Brilliant ideas strike at unlikely moments. Ian Goodfellow conceived generative adversarial networks while spitballing programming techniques with friends at a bar. Goodfellow, who views himself as “someone who works on the core technology, not the applications,” started at Stanford as a premed before switching to computer science and studying machine learning with Andrew Ng. “I realized that would be a faster path to impact more things than working on specific medical applications one at a time,” he recalls. From there, he earned a PhD in machine learning at Université de Montréal, interned at the seminal robotics lab Willow Garage, and held positions at OpenAI and Google Research. Last year, he joined Apple as director of machine learning in the Special Projects Group, which develops technologies that aren’t part of products on the market. His work at Apple is top-secret.
The Batch: How did you come up with the idea for two networks that battle each other?
Goodfellow: I’d been thinking about how to use something like a discriminator network as a way to score a speech synthesis contest, but I didn’t do it because it would have been too easy to cheat by overfitting to a particular discriminator. Some of my friends wanted to train a generator network using a technique that would have taken gigabytes of data per image, even for the tiny images we studied with generative models in 2014. We were discussing the problem one night at a bar, and they asked me how to write a program that efficiently manages gigabytes of data per image on a GPU that, back then, had about 1.5GB RAM. I said, that’s not a programming problem. It’s an algorithm design problem. Then I realized that a discriminator network could help a generator produce images if it were part of the learning process. I went home that night and started coding the first GAN.
The Batch: How long did it take?
Goodfellow: By copying and pasting bits and pieces of earlier papers, I got the first GAN to produce MNIST images in only an hour of work or so. MNIST is such a small dataset that, even back then, you could train on it very quickly. I think it trained for tens of minutes before it could produce recognizable handwritten digits.
The Batch: What did it feel like to see the first face?

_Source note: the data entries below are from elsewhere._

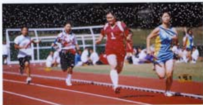
体育祭・クラブ対抗リレー

水泳 柔道 陸上競技 剣道 野球 卓球 サッカー バスケットボール ラグビー バレーボール 硬式テニス バドミントン ソフトテニス チアリーダー
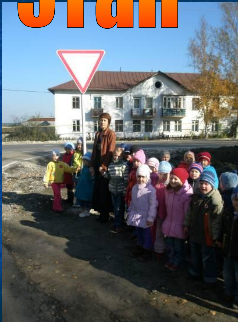
Изучаем дорожные знаки
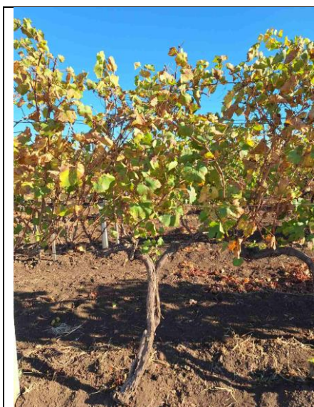
LD Tănădari, Chardonnay (situația la 31.10.2023)
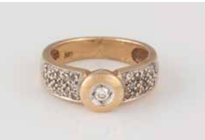
162 | BRILLANT-RING Gelbgold, Weißgold. Ringmaß ca. 48, Ges.-Gew. ca. 4,7 g. Gest. 585. Ein Brillant, ca. 0,04 ct., 19 Brillanten, zusammen ca. 0,11 ct. € 160,-
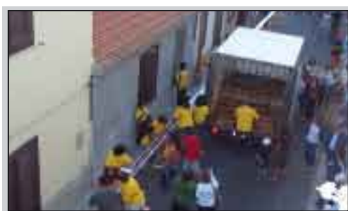
Un momento della giornata del pani cunzatu che si tiene oggi (la foto si riverisce all'edizione del 2007)

Tre Fontane. Tutto negativo, allora? Quando si sono fatte iniziative in grado di coinvolgere un pubblico vasto (come le gare
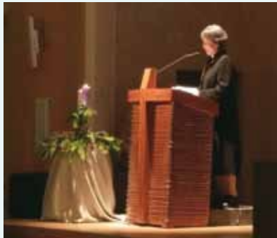
▲2017/12/03 異象傳遞—台北和平長老教會
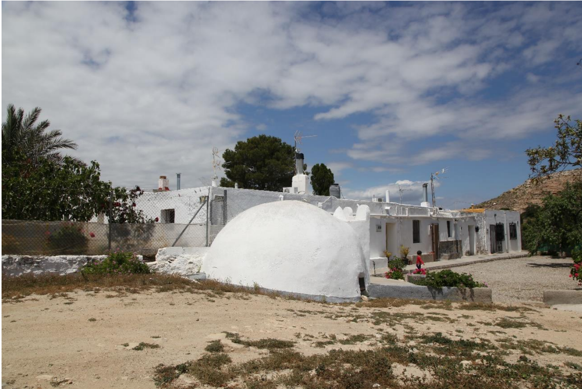
Fotografía 12.15: Cortijo de los Pacos, en la carretera entre Agua Amarga y Venta del Pobre, próximo al cruce con la carretera de Fernán Pérez. La presencia de un aljibe de cúpula (en primer plano), restaurado, es un hecho que permite datarlo como del pasado reciente. En la actualidad, el complejo de la casa-vivienda se explota como casas rurales. Captura del 1 de mayo de 2017
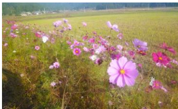
撮影日10月27日 竹長区のコスモス

「若狭の恵」さんのコスモスは他にもアイザワ商店さんの前でキレイに咲いたよ 竹長区有志の皆さんのコスモスもキレイに咲いてよかったね ひまも地区内を散歩してインスタグラムに投稿してるよのぞいて見てね
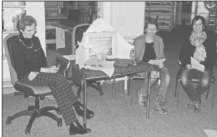
Die Vorlesung der Adventsgeschichte wurde von über 40 Kindern und deren Eltern besucht.

Das Highlight im vergangenen Jahr war ein Leseförderungsprojekt, das sich an die Kinder, vom Kindergarten bis zur 6. Klasse, richtete. Acht Weinländer Bibliotheken führten zusammen einen sogenannten Lesefrühling durch. Unter dem Motto, «Lesen bringt dich weiter», wollten wir zusammen den «Rhein hinunter lesen». Jedes Kind bekam einen Lesepass, worin es seine gelesenen Seiten eintrug. Mit jeder gelesenen Seite fuhren wir einen Me-
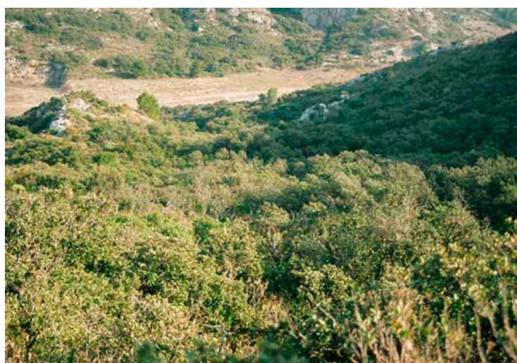
Le « taillis à croissance réduite » de Chêne vert présente un intérêt environnemental important (érosion, faune et flore)

Il ne présente guère d'intérêt sylvicole (potentiel très faible), mais sa vocation environnementale est importante.

Goodfellow: That wasn’t as much of a revolutionary moment as people might expect. My colleague Bing Xu modeled face images from the Toronto Face Database, which were only 90 pixels square and grayscale. Because the faces were always centered and looking straight at the camera, even very simple algorithms like PCA could make pretty good faces. The main thing we were surprised by were the images it made of CIFAR10, where there’s a lot of variability. They looked like crap. But we had been looking at crap from generative models for years, and we could tell that this was an exciting, new kind of crap.
The Batch: Has anything surprised you about the way this work has played out?

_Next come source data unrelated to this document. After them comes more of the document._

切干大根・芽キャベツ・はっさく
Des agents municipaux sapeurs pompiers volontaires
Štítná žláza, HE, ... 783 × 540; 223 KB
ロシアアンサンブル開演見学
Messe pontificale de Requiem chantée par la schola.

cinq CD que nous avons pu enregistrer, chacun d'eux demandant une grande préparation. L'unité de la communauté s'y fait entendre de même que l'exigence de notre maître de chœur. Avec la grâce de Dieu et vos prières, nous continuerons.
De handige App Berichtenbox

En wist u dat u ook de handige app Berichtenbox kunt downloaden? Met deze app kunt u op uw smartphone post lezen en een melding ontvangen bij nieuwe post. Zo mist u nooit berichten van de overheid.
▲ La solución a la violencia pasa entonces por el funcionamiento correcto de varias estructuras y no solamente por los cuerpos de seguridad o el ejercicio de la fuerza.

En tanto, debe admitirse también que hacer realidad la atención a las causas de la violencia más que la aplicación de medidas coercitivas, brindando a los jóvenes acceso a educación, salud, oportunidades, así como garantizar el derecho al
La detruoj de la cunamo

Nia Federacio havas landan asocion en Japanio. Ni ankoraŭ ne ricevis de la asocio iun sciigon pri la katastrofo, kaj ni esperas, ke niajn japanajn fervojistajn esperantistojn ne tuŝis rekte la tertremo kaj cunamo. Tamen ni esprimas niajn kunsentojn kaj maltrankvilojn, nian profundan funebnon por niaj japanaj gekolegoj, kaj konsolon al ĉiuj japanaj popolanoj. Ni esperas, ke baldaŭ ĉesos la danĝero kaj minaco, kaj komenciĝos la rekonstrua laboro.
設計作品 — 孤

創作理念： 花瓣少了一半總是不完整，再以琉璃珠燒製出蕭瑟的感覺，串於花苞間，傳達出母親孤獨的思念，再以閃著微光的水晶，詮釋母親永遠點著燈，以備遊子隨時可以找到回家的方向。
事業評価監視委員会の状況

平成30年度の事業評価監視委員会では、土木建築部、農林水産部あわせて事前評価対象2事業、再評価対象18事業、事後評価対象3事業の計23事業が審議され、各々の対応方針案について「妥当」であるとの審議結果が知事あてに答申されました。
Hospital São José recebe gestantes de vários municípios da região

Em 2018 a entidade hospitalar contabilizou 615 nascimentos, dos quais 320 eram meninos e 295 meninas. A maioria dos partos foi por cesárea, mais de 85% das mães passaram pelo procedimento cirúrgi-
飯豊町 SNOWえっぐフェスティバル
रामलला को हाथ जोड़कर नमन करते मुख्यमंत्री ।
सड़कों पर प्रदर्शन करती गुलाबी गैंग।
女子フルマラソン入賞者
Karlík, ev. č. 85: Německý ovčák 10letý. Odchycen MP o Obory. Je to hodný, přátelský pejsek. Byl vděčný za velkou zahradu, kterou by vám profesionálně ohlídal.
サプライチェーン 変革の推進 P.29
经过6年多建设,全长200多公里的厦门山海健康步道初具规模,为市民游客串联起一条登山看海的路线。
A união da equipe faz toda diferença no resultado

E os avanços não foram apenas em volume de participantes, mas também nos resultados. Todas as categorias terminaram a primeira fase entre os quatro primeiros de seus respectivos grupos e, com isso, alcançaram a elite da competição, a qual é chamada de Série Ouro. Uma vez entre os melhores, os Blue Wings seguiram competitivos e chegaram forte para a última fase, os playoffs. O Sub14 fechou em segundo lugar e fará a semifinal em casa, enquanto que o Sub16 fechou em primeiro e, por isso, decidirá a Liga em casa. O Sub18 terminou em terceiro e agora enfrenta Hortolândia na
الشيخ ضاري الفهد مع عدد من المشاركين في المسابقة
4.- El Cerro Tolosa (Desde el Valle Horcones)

Goodfellow: In the first GAN paper, we included a list of things that might happen in future work. A lot of them did. The one big category of things I didn’t anticipate was domain-to-domain translation. GANs like CycleGAN from Berkeley. You can take a picture of a horse and have it transformed into a zebra without training on matched pairs of horse and zebra images. That’s very powerful because it can be easy to passively collect data in each domain, but it’s time-consuming and expensive to get data that matches up across domains.
The Batch: What are you most hopeful about in GAN research?

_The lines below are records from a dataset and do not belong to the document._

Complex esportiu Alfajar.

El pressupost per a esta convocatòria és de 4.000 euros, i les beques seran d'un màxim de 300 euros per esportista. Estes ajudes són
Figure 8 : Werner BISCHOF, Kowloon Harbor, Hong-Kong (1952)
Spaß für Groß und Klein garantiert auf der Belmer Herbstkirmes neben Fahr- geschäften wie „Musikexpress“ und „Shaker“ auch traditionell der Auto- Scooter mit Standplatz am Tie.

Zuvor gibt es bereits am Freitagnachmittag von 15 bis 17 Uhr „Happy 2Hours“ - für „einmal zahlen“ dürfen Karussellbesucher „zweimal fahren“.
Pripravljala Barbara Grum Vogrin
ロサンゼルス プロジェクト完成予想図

Goodfellow: I’d like to see more use of GANs in the physical world, specifically for medicine. I’d like to see the community move toward more traditional science applications, where you have to get your hands dirty in the lab. That can lead to more things that have more of a tangible, positive impact on peoples’ lives. For instance, in dentistry, GANs have been used to make personalized crowns for individual patients. Insilico is using GANs to design medicinal drugs.
The Batch: How much do you worry about bias in GAN output? The ability to produce realistic human faces makes it a pressing issue.
Goodfellow: GANs can be used to counteract biases in training data by generating training data for other machine learning algorithms. If there’s a language where you don’t have as much representation in your data, you can oversample that. At Apple, we were able to generate data for a gestural text-entry feature called QuickPath. A startup called Vue.ai uses GANs to generate images of what clothing would look like on different models. Traditionally, there may not have been much diversity in who was hired to be a model to try on this clothing. Now you can get a model who looks like you, wearing a specific item of clothing you’re interested in. These are baby steps, but I hope there are other ways GANs can be used to address issues of underrepresentation in datasets.